From left: Joe Lewis, Morris Henry Peoples, and Rufus Johnson.
A number of the family came down on Wednesday to prepare for the Saturday meal. A bunch of us spent hours yesterday trimming and seasoning the ribs on folding tables, circling and sprinkling the racks with at least a dozen spices, FedExed here in a large box days ago. It felt like some strange ceremony, bottles in each hand sifting magic dust onto the meat. We sprinkled Old Hickory Smoked Salt and cayenne, paprika and onion powder, Beau Monde and Lawry’s Seasoned Salt, and at least that many more. When I went to pee, one of the younger men warned, “Make sure to wash your hands before,” to general murmurs of assent. “Found that out the hard way last year.”
The elders—three first cousins, as close as brothers—grew up on this land more than seventy years ago. They’d rather be here right now than anyplace else on earth. They were four until a month ago, when Marvin Cummings, Phillip’s father, passed just shy of his ninetieth. Harold is said to have taken it particularly hard. As if by unspoken agreement, no one mentions Marvin. For that matter, no one knew for sure whether Carold, who lives in Denver and is in less-than-perfect health, would make it. When the two others saw him approach in a pickup, they immediately rose and smiled. Before Carold had even come to a stop, Harold called, “Where’d you steal that truck?”
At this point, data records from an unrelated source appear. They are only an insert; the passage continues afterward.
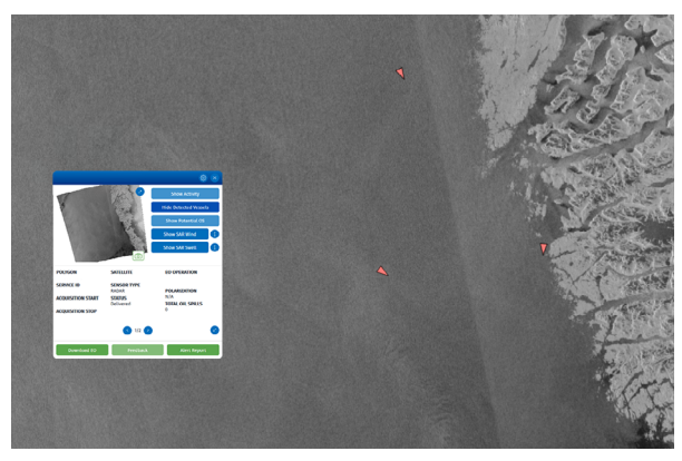
Locating and identifying non-reporting vessels is a key component of maritime security operations
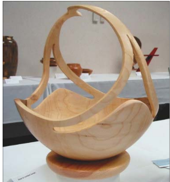
Tom Crabb - Handled Basket
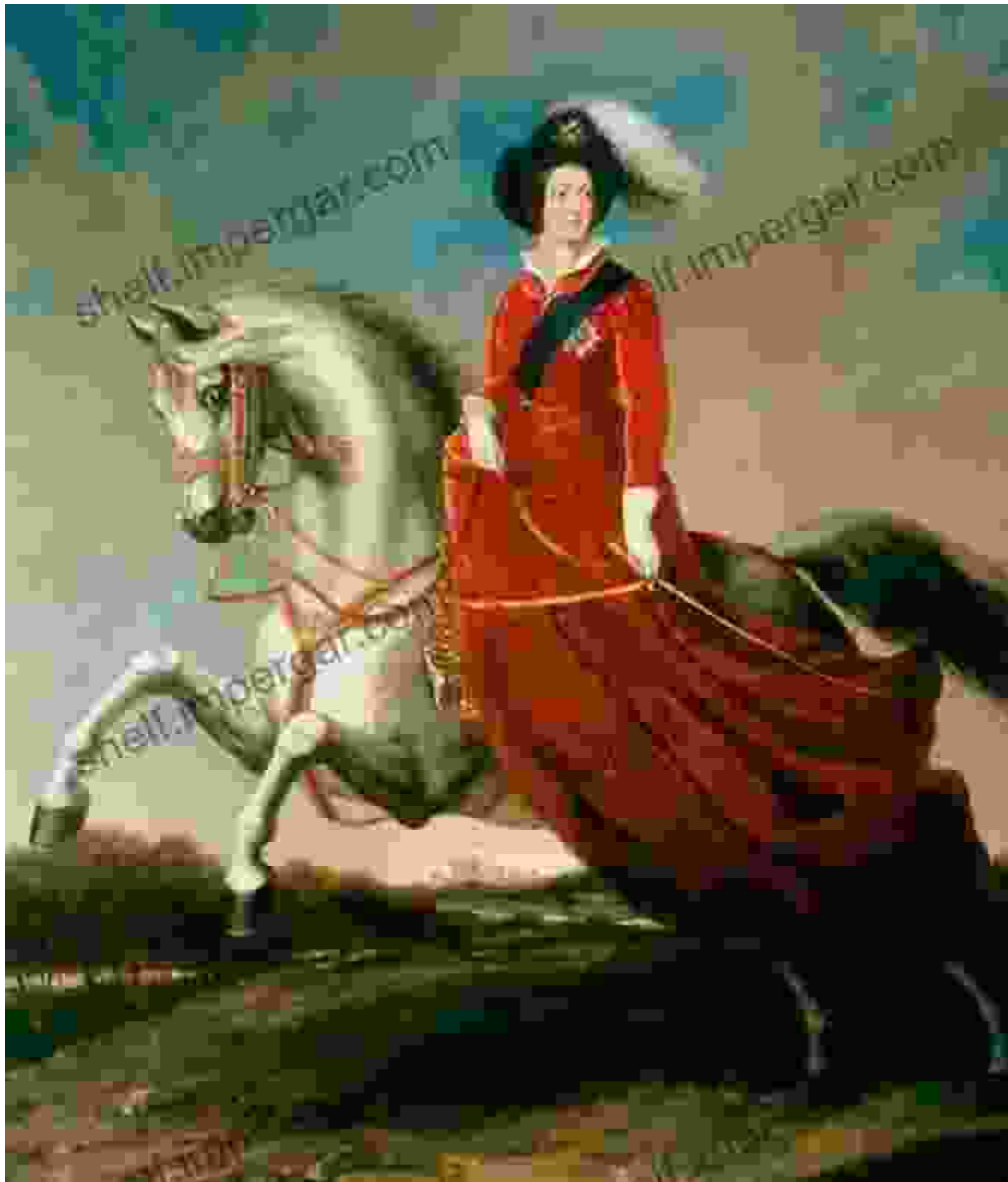
King Edward VII: The Sportsman King

Under Victoria's patronage, the sport flourished. She established the Royal Ascot racecourse, which remains one of the most prestigious racing events in the world. She also introduced the tradition of the Derby Stakes, a 1.5-mile race for three-year-old horses, which has since become one of the most iconic spectacles in the British sporting calendar.
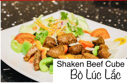
Shaken Beef Cube Bò Lúc Lắc
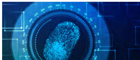
SPECIAL ROUNDTABLE DISCUSSION: SMART AFRICA
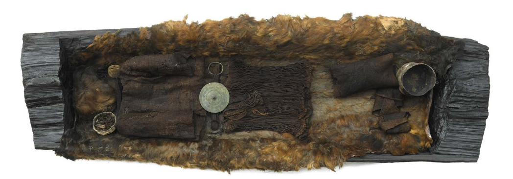
Figure 2. A photo of the remains of a Bronze Age high status female found inside an oak-coffin in a monumental burial barrow at Egtved, Denmark. The Egtved Girl's garments are extremely well preserved and her exceptional wool costume consists of several wool textile pieces as well as a disc-shaped bronze belt plate, symbolizing the sun.
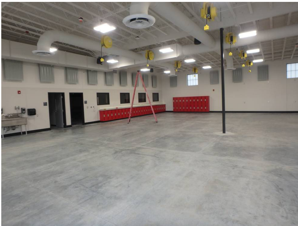
Looking southwest across the shop
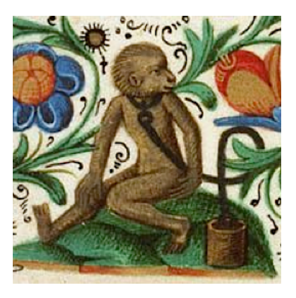
Den Haag, Koniklijke Bibliotek, Ms. 135 K40, f. 14, 15th century

The 13<sup>th</sup> Century encyclopaedist Bartholomew of England says that the ape, which is a fierce and malicious beast, may be tamed thoroughly by violence using whips and chains. He adds that wooden blocks ( trunco sive blocco ) are attached to monkeys to prevent them from going anywhere they want to and to suppress their insolence ( De
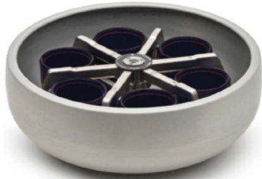
HAEMAFlex 6 Swinging Bucket Rotor

For the 600 mL bottle, it would be these two rotors along with the buckets and adapters:
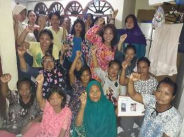
Group A011 & F023 – 22 people – Pembangunan
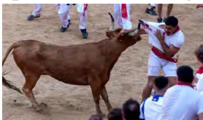
A participant is hit by a young cow after the "encierro" (bull-run) of the San Fermin festival in Pamplona

Six people were hurt yesterday in Spain's traditional annual San Fermin bull running festival, with one participant gored and five suffering bruising, local government sources said. A 37-year-old Spanish man emerged from his goring with slight injuries, officials said. The curtain went up on nine days of festivities on Saturday as thousands of revellers dressed in white clothes and red scarves filled the city's main square for the "chupinazo" -- the firecracker which launches an event dating back to medieval times.

They don’t appear busy, but they are, fulfilling the duties expected of elders since the first reunion. This, near as I can tell, consists of remembering their youth, lamenting the ever-steeper decline in common sense among the young, and, most immediately, keeping the knuckleheaded young men doing the actual cooking on task.
It’s the elders’ job to see that the cooks do theirs correctly. The fire, for instance, requires constant vigilance. It alternately requires stoking, lest it go out, and choking, lest it flare up. Judging the coals, timing the putting on and taking off of meat, when to add green hickory to the fireboxes and in what amount—all this must be done properly. When the first batch of ribs comes off, shreds of meat will be presented to the elders on plates so they may pronounce its fitness. Above all, throughout the day, the elders will repeat the mantra as it was repeated to them, the first and last commandment of barbecue. “Don’t burn the meat.”
Inspecting the ribs.
Over at the pit, the younger men are living up to the elders’ expectations. The fire is still burning hot. “Open those fireboxes,” Harold calls. “Squirt some water in there.” Eddie Peoples retrieves the hose, hooked by its nozzle onto the coop’s wire fence, and squirts. The smoke lessens instantly. But everyone knows it’s just a temporary fix.
The charcoal nearest the firebox caught fine, Phillip explains. The problem is, it won’t spread to the briquettes at the other end. He’s wearing gloves and an apron, a towel slung over one shoulder. The heat is staggering. If you’re on the upwind side of the pit, you’re fine. But where Phillip is standing, the smoke is overwhelming. You really need one of the better OSHA-rated respirators, preferably with replaceable filters. The two canisters are welded together and have intricate iron curlicues connecting the two chimneys, rather like a very small version of the kind of fence you see around old graveyards. The pit is mounted on a trailer whose tires are sunk half an inch deep into the hard ground. It hasn’t moved in a long time.
After a few more minutes of trying to redistribute coals to get the uncooperative briquettes on board, Phillip’s frustration gets the best of him.
“Where y’all buy this sorry-ass charcoal?” he asks loudly.
“Walmart,” Harold says placidly.
“What kind is it?”
“We need charcoal that works,” Phillip says. “Kingsford cost a bit more but at least it works. This stuff won’t even catch.”
“Don’t need expensive if you know what you’re doing,” Harold says imperturbably.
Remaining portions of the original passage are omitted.